We’re quite frankly running out of words to describe the state of the markets – “grim” and “dismal”, which sounded so appropriate at first, no longer seem to capture the pervading sense of inevitable doom around A-shares. That’s despite – or perhaps because of – noises from Beijing that the government could step in to prop things up. We noted in the CER Weekly Email Briefing yesterday that half-hearted moves by the government earlier this week only strengthened the sell-off. As trading stops for lunch on Friday, the Shanghai Composite Index (SCI) is down another 2.4%, to around 2,372. Remember when everyone was so sure that the government wouldn’t let the SCI fall below 3,000? Ha.

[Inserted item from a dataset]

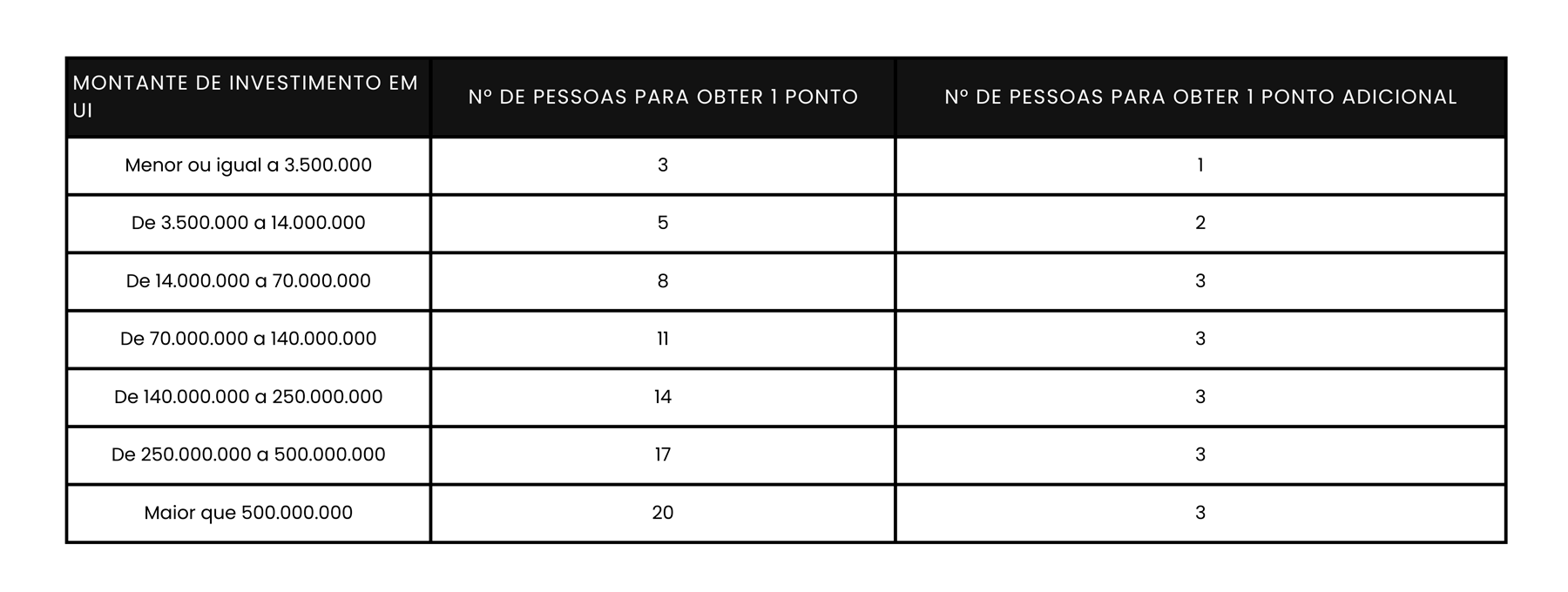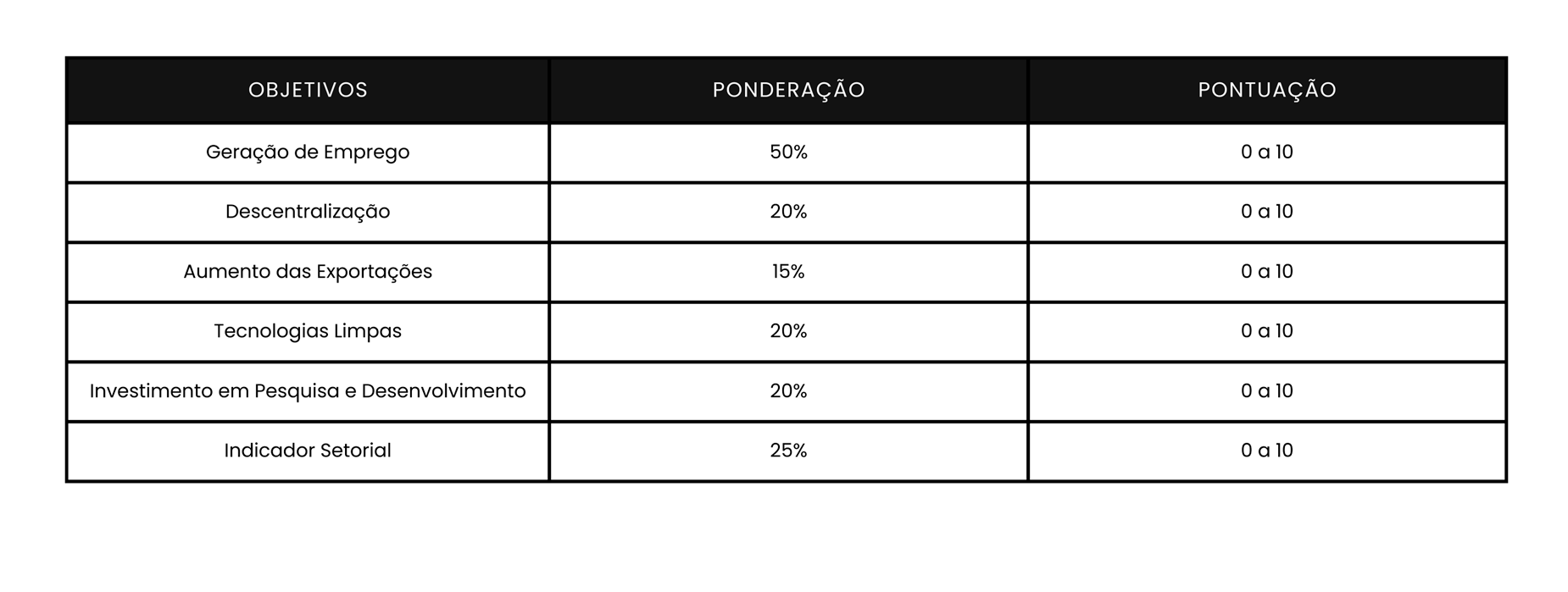 A concessão do benefício de isenção do IRAE está sujeita à pontuação obtida na matriz de indicadores elaborada pela Comissão de Aplicação da Lei de Investimentos (COMAP) com base em informações fornecidas pelo investidor. Os indicadores que compõem a matriz desses projetos são:

So how is the fund doing? We’re down 36.9% as of this writing, meaning that the value of our initial RMB10,000 fund has been reduced to RMB6,310. Of course, those are just paper losses (or so we keep telling ourselves) because we still haven’t sold anything. As has been the case, the only good news is that the bad news isn’t getting significantly worse. Anhui Conch (600585.SH) continues to wallow around 52% below the price we bought it, and Hubei Guangji Pharmaceutical (000952.SZ) is still down about 40% – more or less the same as last week. Industrial and Commercial Bank of China (601398.SH) has also been blessedly boring.
So, still no action from us, and we won’t make any forecasts for the coming weeks. We just hope that we don’t keep going down the only road we’ve ever known.